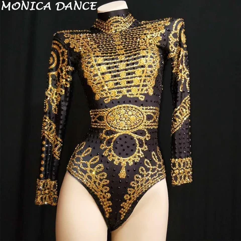 Women Sexy Black Gold Rhinestones Paint Long Sleeve High Stretch Leotard Singer Dance Costume Stage Women's Birthday Bodysuit
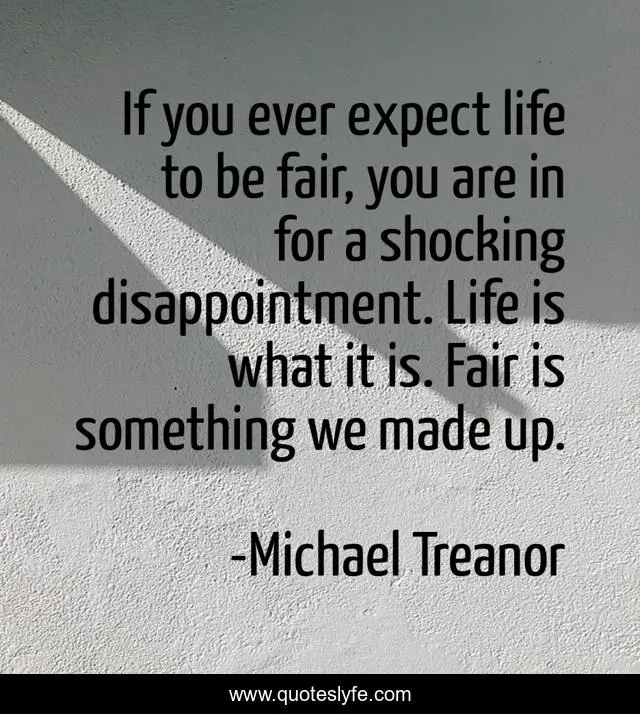 This page presents the quote "If you ever expect life to be fair, you are in for a shocking disappointment. Life is what it is. Fair is something we made up.". Author of this quote is Michael Treanor. .
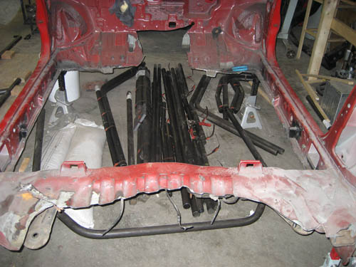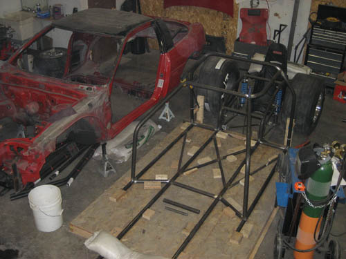 I stripped the hubs of my Quartermaster this fall and the car was down for a while. So Tim (EvilEvo) and I decided that both the EVO and the DSM will get lighter and get bigger turbos. Initially we both wanted to partially tube the front and cut out the rear floor. Then somehow with the help of a lot of Vodka-Redbulls we decided that we should go RWD ... then later it all evolved into lets hack the cars apart, sell all the stuff we don't need (everything), buy a welder ... learn to TIG weld and build 2 full tube chassis cars.

TASK DETAILS> Transcribe exactly, and only, the lines from the one with "This page presents" through the final line of the data above. The pictures stay out.

RESPONSE>
 This page presents the quote "If you ever expect life to be fair, you are in for a shocking disappointment. Life is what it is. Fair is something we made up.". Author of this quote is Michael Treanor. .
 I stripped the hubs of my Quartermaster this fall and the car was down for a while. So Tim (EvilEvo) and I decided that both the EVO and the DSM will get lighter and get bigger turbos. Initially we both wanted to partially tube the front and cut out the rear floor. Then somehow with the help of a lot of Vodka-Redbulls we decided that we should go RWD ... then later it all evolved into lets hack the cars apart, sell all the stuff we don't need (everything), buy a welder ... learn to TIG weld and build 2 full tube chassis cars.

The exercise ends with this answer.